__Capstone Project - The Battle of Neighborhoods:__

This solution is an attempt to leverage __Four Square Location Service Provider API__ to address a unique problem applying learnings from earlier practical sessions. 

__Problem Intuition:__

Mr.John is 65 year old person who has decided to __move-in to an apartment__ with his wife Mrs.John to a new location among the below considerations in city of Toronto:

- Downtown Toronto
- East Toronto
- West Toronto
- Central Toronto

One key requirement for this beautiful old couple is the __vicinity of Hospitals__ from their new location. Both of them have pre exisiting medical conditions. 

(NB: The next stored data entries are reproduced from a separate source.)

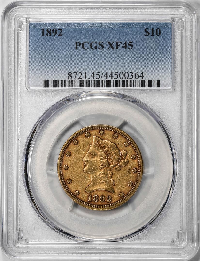 One 1892 $10 Liberty Head Eagle Gold Coin PCGS XF45. PCGS Graded.
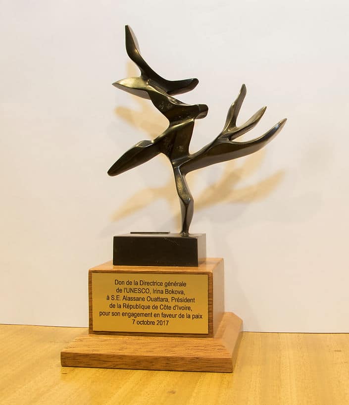 Le Président de la République de la Côte d’Ivoire, Monsieur Alassane Ouattara, reçoit le trophée de l’Arbre de la Paix par Madame Irina Bokova, Directrice Générale de l’UNESCO le 7 octobre 2017.
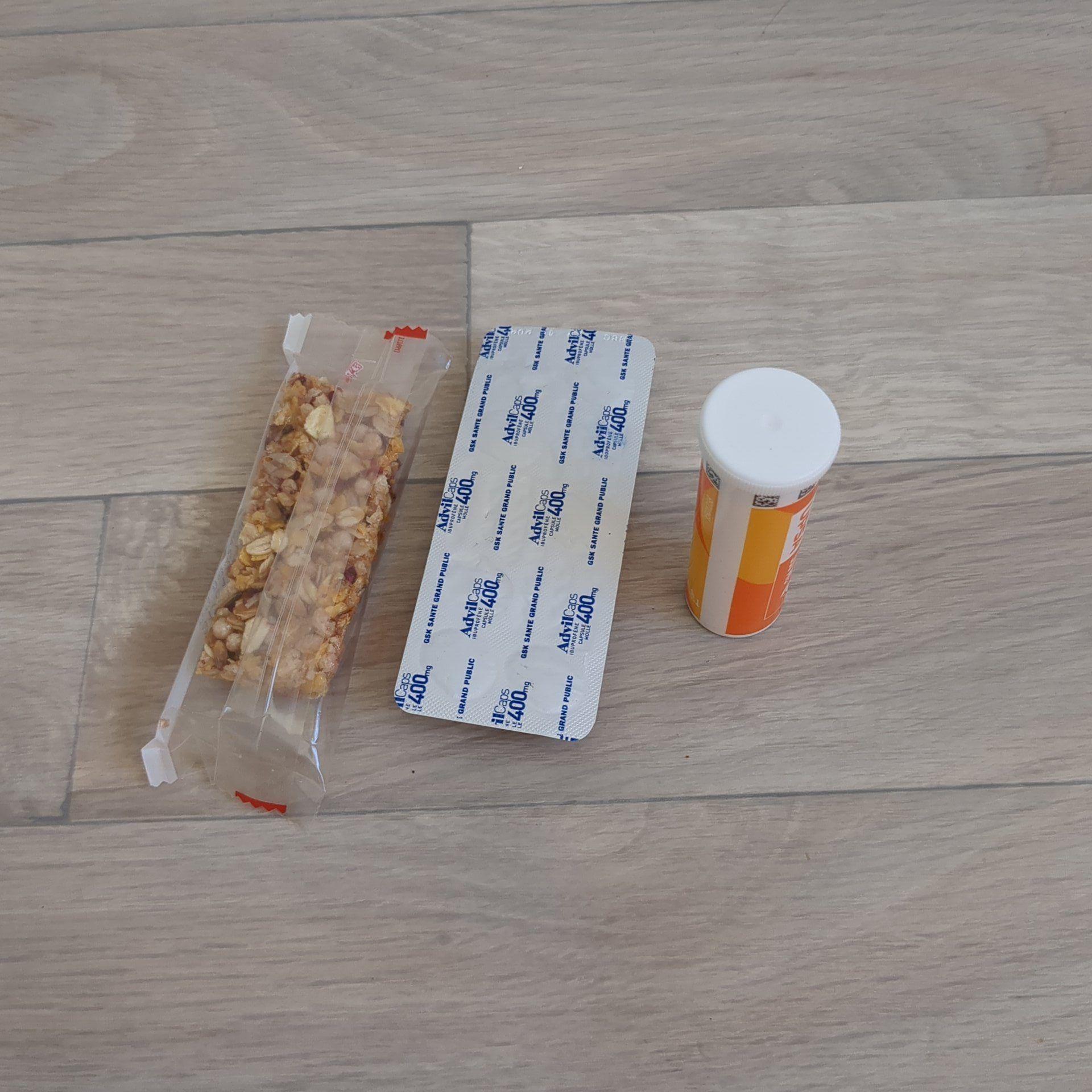 Vitamins, painkillers, a bit of sugary food.
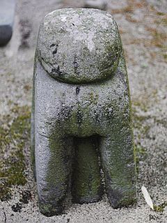 やや大柄で縦置き、阿吽の位置が反対です。磨耗が激しく顔の表情も定かではありません。
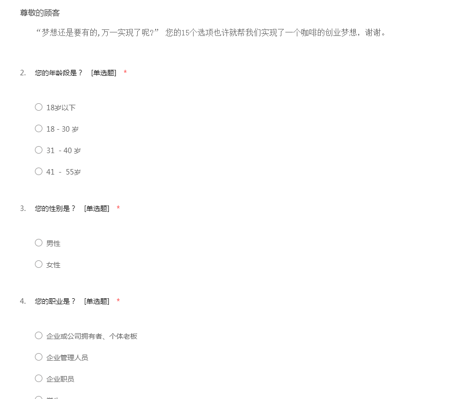 “梦想还是要有的,万一实现了呢?” 您的15个选项也许就帮我们实现了一个咖啡的创业梦想,谢谢。
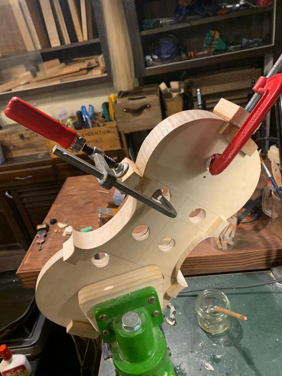 2023/01/13 15:00メープル材を薄板に加工し、熱を加えながら曲げて枠に合わせ、各ブロックに接着を行なっております。バイオリンのセンターバウツ付近のコーナーカーブはキツいため、折らないように曲げるのは大変難しい作業となります。 もっと見る
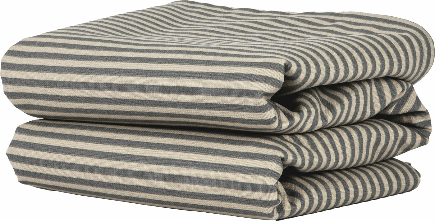 Ella vaxad duk är en klassiskt mönstrad duk med ränder i återvunnen bomull (70%) och polyester (30%). På ytan finns en ”coating” som gör duken vattenavvisande och perfekt att använda både utomhus och inomhus. Ränderna och de naturnära beige tonerna är karakteristiska för Sagaform. Finns i storlek 150x250 cm.
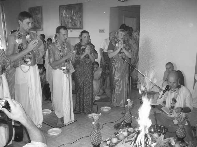 But the temple president had other plans. “Maharaja,” he said, “there’s one thing I’d like to ask you. You have a number of aspiring disciples here whom I would like to recommend for initiation. Can you hold a fire sacrifice and initiate them tomorrow?”
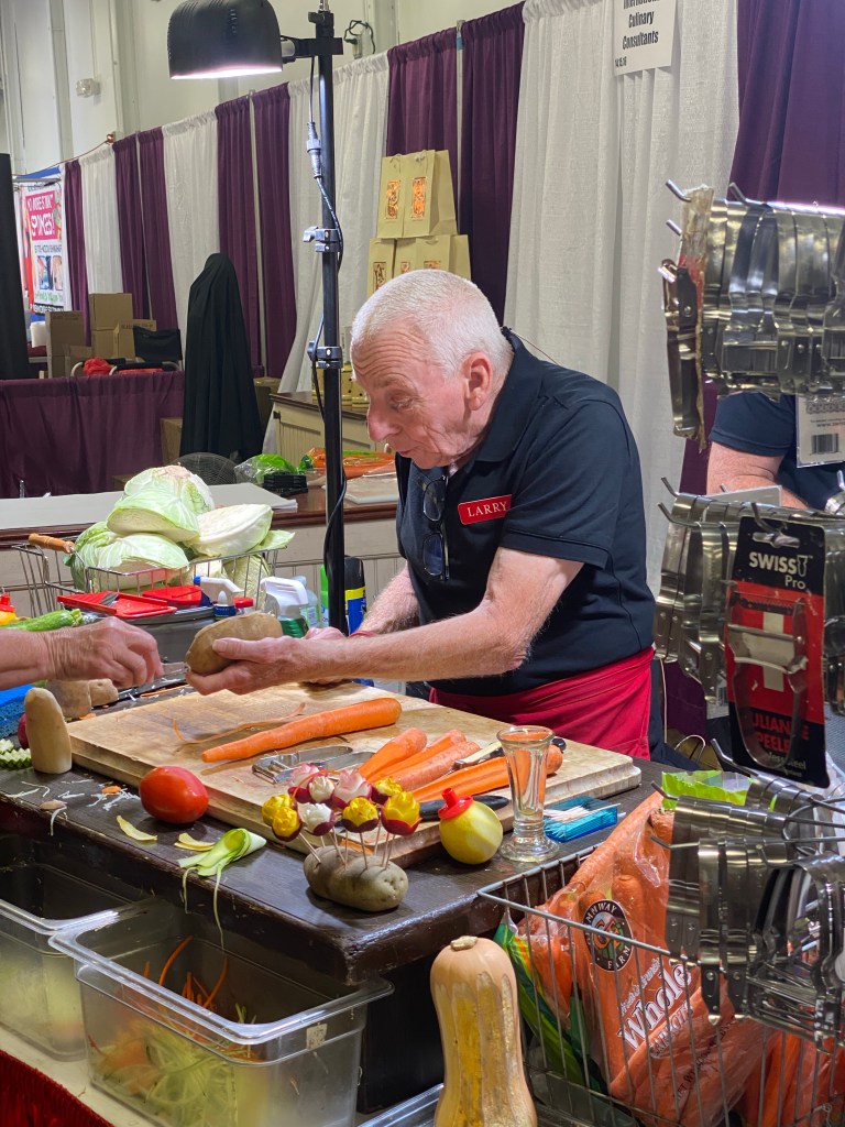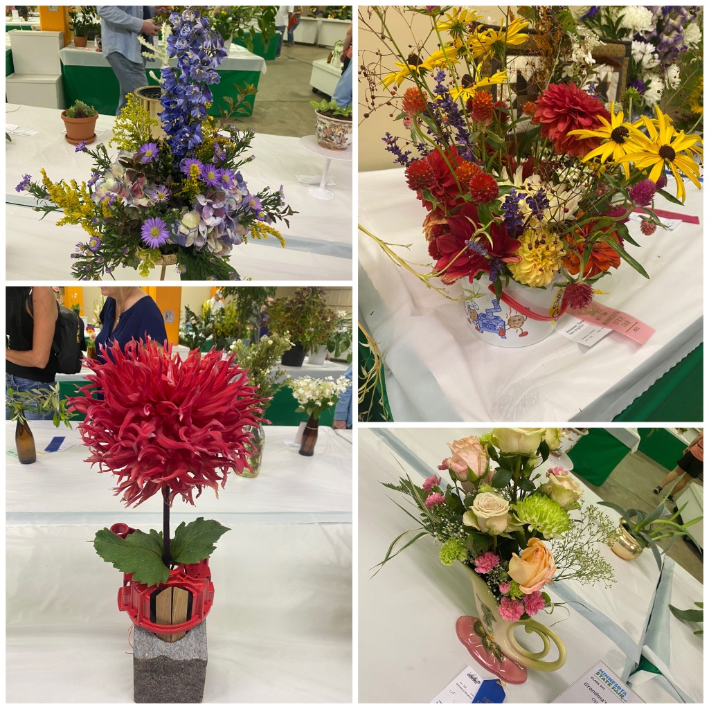 This was Nancy’s first and only state fair day, so it was her lead. Ag/Hort is a favorite, as she’s a very good gardener. There was much I hadn’t yet seen, so we wandered through. There are different types of flower shows every two days and this was the State Fair Flower Show. There were themes of “Grandmas Marathon”, “Hot Air Balloons”, “Parades” and others.
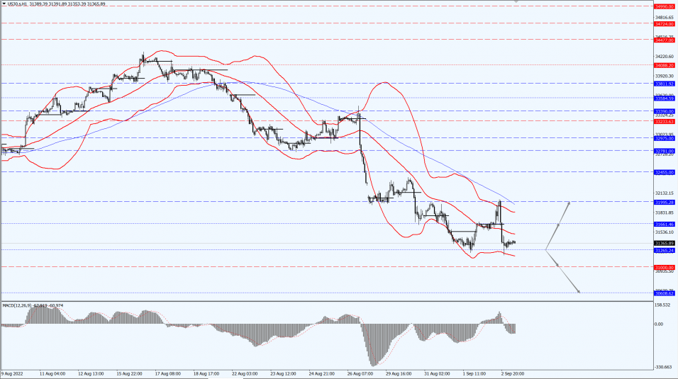The Dow is focused on the 31265-line today. If the Dow runs steadily above the 31265-line, then it will pay attention to the suppression strength of the two positions of 31661 and 31995. If the Dow is running steadily below the 31265-line, it will pay attention to the support strength of the two positions of 31000 and 30608.
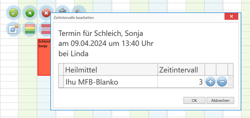 Neben der Therapie ist das Spannenste die Auswahl des Faktors. Ein Zeitintervall umfasst 15 Minuten, der Faktor bestimmt die Anzahl der Zeitintervalle. Diesen kann man im Terminfenster über den Plus- und Minus-Button anpassen. Bis zum Faktor 12 kann je Termin maximal ausgeschöpft werden.
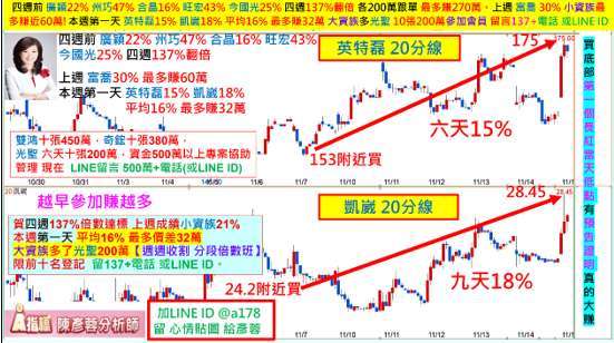 賀本欄預告 竹陞科 (6739-TW) ,德宏 (5475-TW),國精化 (4722-TW),金居 (8358-TW),南電 (8046-TW) 全部兩個月翻倍 100%。雙鴻 (3324-TW)15 天大漲 309 元! 東元 (1504-TW)1.5 個月翻倍 100%! 南亞科 (2408-TW),華邦電 (2344-TW) 全翻倍。10 月 21 日早上 7:30LINE 粉絲團預告 旺宏 (2337-TW),四天 43%! 台燿 (6274-TW) 八天漲百元,近期在廣播節目 YT LINE,與本欄預告 光聖 (6442-TW) 大飆 200 萬 (七天),富喬 (1815-TW) 九天 30%,英特磊 (4971-TW) 漲停,好友想要領先於 每天早上九點前 得知當天誰有機會連續長紅漲停? 1-2 個月後資金翻倍 100%,歡迎點下面連接 加 LINE 留言 777+1 可領先得到提醒。
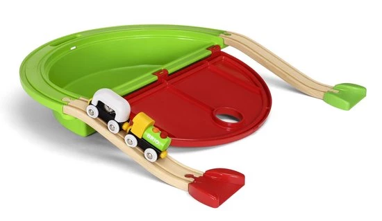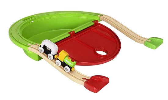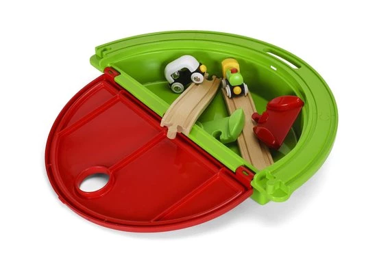 Een speciale travel treinset met heldere kleuren, speciaal voor jou! Neem hem mee op reis, of eals je op bezoek gaat, om te kunnen spelen waar je maar wilt. Open de tas en rijd de belwagen van de baan. Leuk om te gebruiken én makkelijk weer op te bergen.
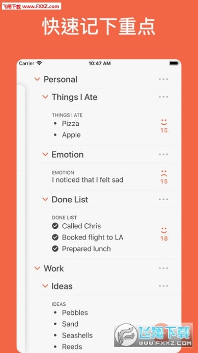 Sunset微日记是一款通过列表来记录与展示日记与想法的微型日记应用,可以快速的输入内容,通过拖拽将条目放入不同的目录与子目录,还能用笑脸与哭脸来表达心情。
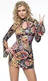 This costume is very cute and looks just as pictured. But I'm glad I knew Halloween costumes tended to run small and this one is no exception. I am usually a size M in ladies and ordered an XL. It fit, but quite snugly. Also it is VERY short. I realize that is the style of the 70s but I had to wear a black skirt with it in order to feel comfortable. But the print is bright and fun.

Mr.John - a __heart patient__ and his requirement is that the new location should be nearer to __heart speciality hospitals.__

Mrs.John has been visiting __Toronto General Hospitals__ for past few years and she needs atleast one among these hospitals accessible from the new location. 

Apart from this condition, they are flexible enough to handle other requirements. 

They need our help to __suggest them an apt location__ as near as possible according to above conditions, so that they can move without any hesitation and also continue to take their treatments in this old age without any hassle. 

__Importing necessary Libraries:__

In [1]:
import pandas as pd
from pandas import json_normalize
#!pip install geocoder
import geocoder
#!pip install geopy
from geopy.geocoders import Nominatim
import folium # map rendering library
import requests #REST operation

__Creating Pandas Dataframe with Toronto Neighbourhood from extracted Table:__ 

In [2]:
toronto_df = pd.read_html('https://en.wikipedia.org/wiki/List_of_postal_codes_of_Canada:_M')[0]
toronto_df.head()

Unnamed: 0,Postal Code,Borough,Neighbourhood
0,M1A,Not assigned,Not assigned
1,M2A,Not assigned,Not assigned
2,M3A,North York,Parkwoods
3,M4A,North York,Victoria Village
4,M5A,Downtown Toronto,"Regent Park, Harbourfront"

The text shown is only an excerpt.